Clarke was named in the EFL League Two Team of the Season at the end of the 2020-21 season despite being one of only five players over the age of 40 still participating in English football's professional leagues. But in the summer he turned down a new contract with Tranmere and instead moved to midlands club Walsall.

Despite being a hugely popular figure at Prenton Park, Clarke explained to the ECHO why he decided to leave. He said: "I was offered a contract at Tranmere. It was on significantly reduced terms to what I had been on, which wasn't necessarily the be all and end all. But also, the talk from the director of football (James Vaughan) at the time was that I wasn't likely to play much football. It was more a player-coach role but more coach than player.

"It was something that I wasn't ready for at that time in my career. Did I want to leave Tranmere? No, not at all. But ever since I was a kid all I've wanted to do was play footy. I've realised that I'm not going to do it forever but having not missed a league minute in two campaigns I felt that the offer wasn't the right one for me. I felt capable of playing and contributing to a team and still wanted to. They were the major factors behind the decision I made I suppose."

As things have turned out, Tranmere's director of football Vaughan has already moved onto a new role with Everton, so had Clarke stayed with Rovers had would have outlived his former teammate's short reign.

"You make decisions in football and you never know what's around the corner," he said. "I supposes it's the age old adage, a week's a long time in football. A couple of days can be a long time. Players and managers and owners can come and go from football clubs. The only no-negotiable is that the supporters don't come and go. You support a team through thick and thin."
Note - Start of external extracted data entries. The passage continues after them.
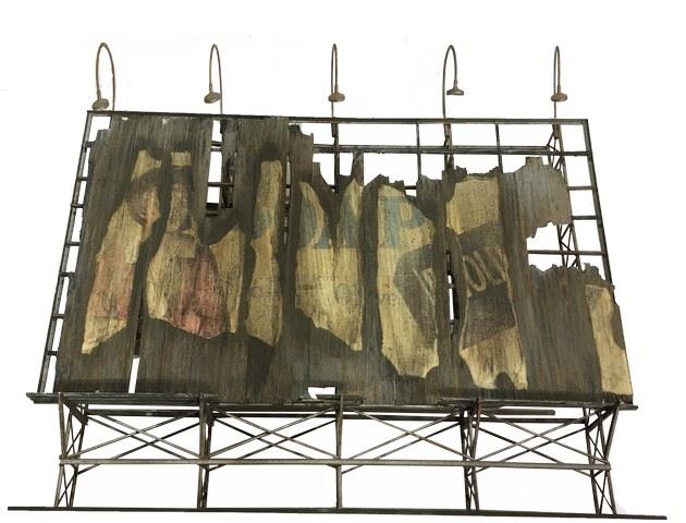 Filming miniature used in the Gatorade commercial starring New York Yankees Derek Jeter. This model is a dilapidated billboard mounted on the top edge of the Stadium model. Features the advertisement for Soap. Fabricated from wood and styrene and includes a wall mount base. 20" wide x 22" tall. 1:16 ratio. This incredible, handmade miniature is from the celebrated collection of Academy Award winning New Deal Studios. New Deal Studios is a 21st Century Media Studio, unlike any in the world. A full-service film production and visual effects studio, with over 20 years of iconic imagery, New Deal Studios develops, designs, prototypes, and creates all types of high caliber media projects. Founded in 1995 by Matthew Gratzner, Ian Hunter and Shannon Blake Gans, this artist owned and operated independent studio, born in the heyday of visual effects, has truly evolved into the technology driven studio for the future, consistently delivering the perfect marriage of artistry and technology. Award winning credits by New Deal Studios include high-profile projects such as Dark Knight Rises, Hugo, The Avengers, Oz the Great and Powerful, Iron Man, The Dark Knight, Watchmen, I am Legend, Night at the Museum, Whiteout, 2012, Alice in Wonderland, Inception, Battleship and Interstellar.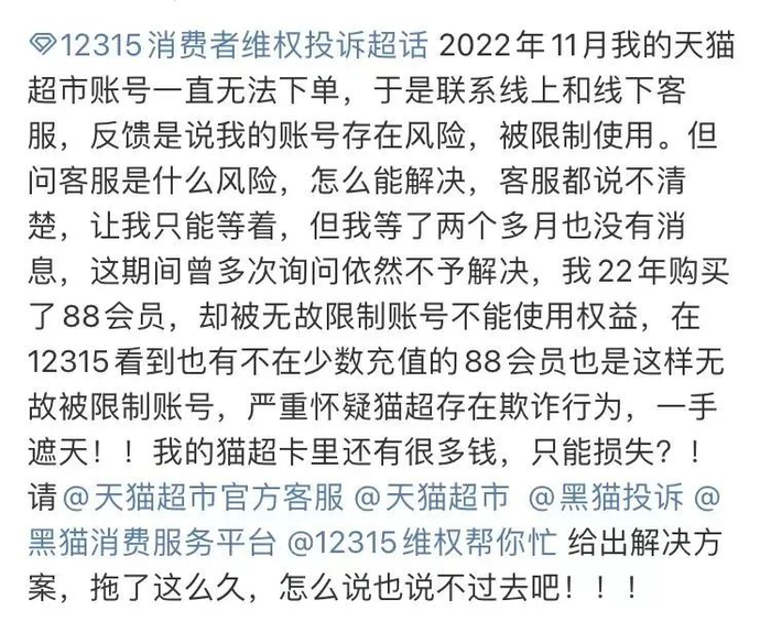 “被天猫超市限制购物,已经好几个月没法下单了,但卡内还有数千元余额,马上就过期了,怎么办?”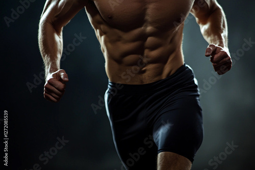 Muscular bodybuilder with biceps in gym made with generative AI technology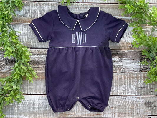 Monogrammed Baby Boy Navy, Blue, Monogrammed Jon Jon, Preppy, Embroidered, Personalize Baby Shower Gift, Baby Gift, Baby Boy Shortall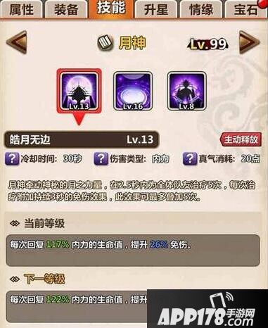 游戏中,月神被定位为后排辅助型英雄,她的主动技能拥有免疫伤害和为队友加血的技能。被动技能“水月幻境”可以在攻击敌方的同时恢复队友的生命,另一个被动技能“封眠咒印”可以使当前的敌方单位暂时封印所有技能且受到持续伤害。
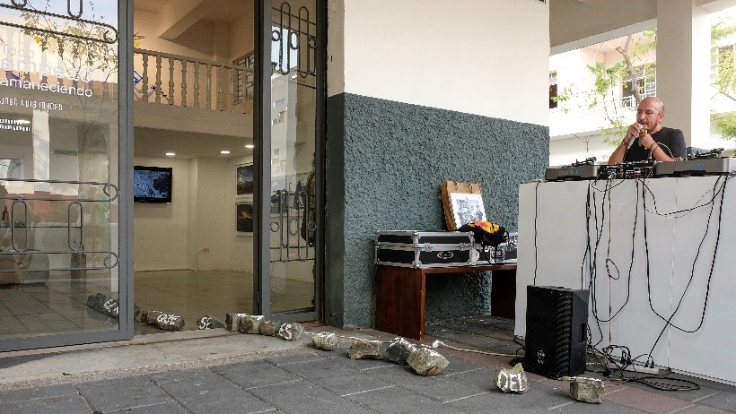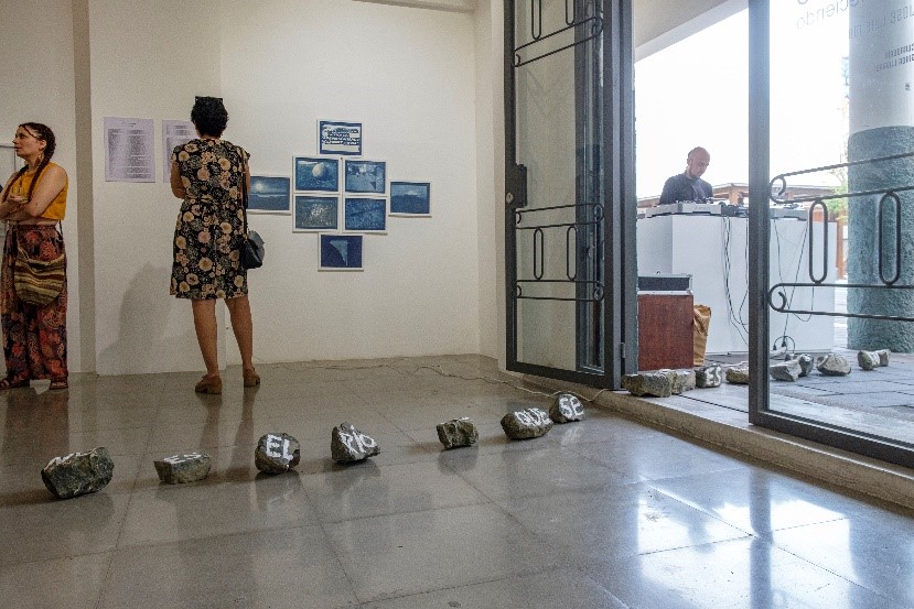 Específicamente para esta exposición el artista realiza la obra No es el río lo que se mira (2023), donde utiliza la pintura sobre piedras para generar una imagen poética que busca unir lo geográfico con lo sagrado, en este caso el espacio de la galería y el río Guayas. Para esta obra trabaja a partir del caminar situado, atento, consciente con el paisaje y sus energías, lo que le permite conectarse desde los afectos (Figura 20 y 21). Esta conexión es la que Macas busca, proponiendo en Guayaquil esta acción-intervención que ya ocurrió en Bolivia, en el sitio arqueológico de Pumiri–Oruro, titulada No es la montaña la que se mira, donde la idea de caminata llevó al artista a recorrer las palabras del poeta boliviano Jaime Sáenz: No es la montaña lo que se mira, es la presencia de la montaña.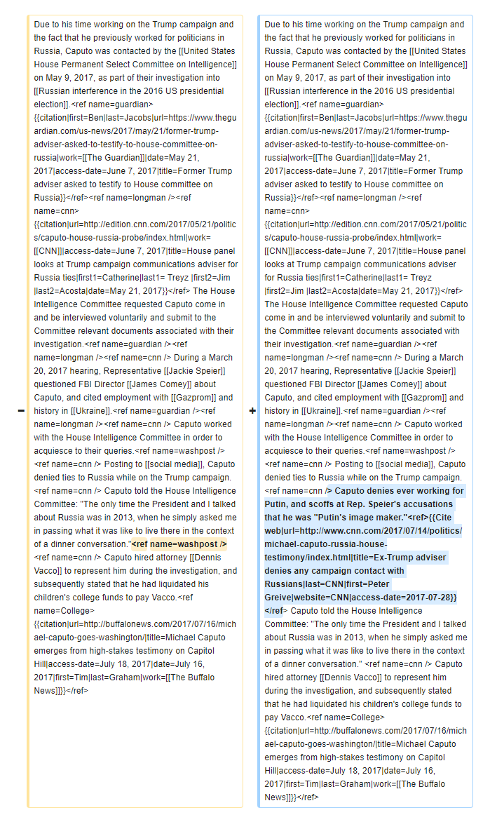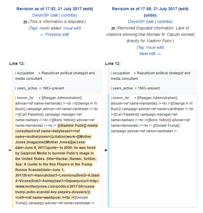 The firm also sought to add its own “properly sourced information” about Caputo, including that he “denies ever working for Putin, and scoffs at…accusations that he was ‘Putin’s image maker.’”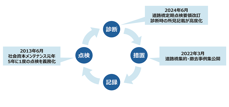 診断、措置、記録、点検の循環図。診断:2024年6月道路橋定期点検要領改訂、診断時の初見記載が高度化。措置:2022年3月道路橋集約・撤去事例集公開。点検:2013年6月社会資本メンテナンス元年5年に1度の点検を義務化。

His last comment is particularly pertinent to Tranmere's supporters, whom he holds in the highest regard. "I can't speak highly enough of the fanbase," he said. "For me personally and the team they always gave us incredible backing home and away and certainly scoring goals in front of the big Kop stand there and celebrating with them, they were thoroughly enjoyable experiences and I love every second of it.

"The fans are very loyal. I think if they see people giving their all for the team I don't think they will complain too much. Hopefully I did that while I was there and they were happy with what I gave to them in my time at the club."

At 40 years of age, Clarke has made 10 appearances for Walsall so far this season. Such an age feels safe to ask about his future and when he will eventually hang his boots up, but his response probably explains why the Everton youth prospect has enjoyed a career that has spanned 23 seasons with almost 900 appearances.

He said: "It's all I've ever wanted to do since I was a kid and I feel very lucky to have done it. Some things have changed for the better of the years, some things not. But if I'd not been adaptable I wouldn't be sat here having this conversation now.

"I think everyone starting out in a career thinks they're going to play forever but I realise that is not going to be the case. I'm not going to put any time limits on how long I'm going to play for. I still love being out there competing and playing. I'd love to keep doing it for as long as is possible. I know it's not going to last forever, but we'll see what comes to pass."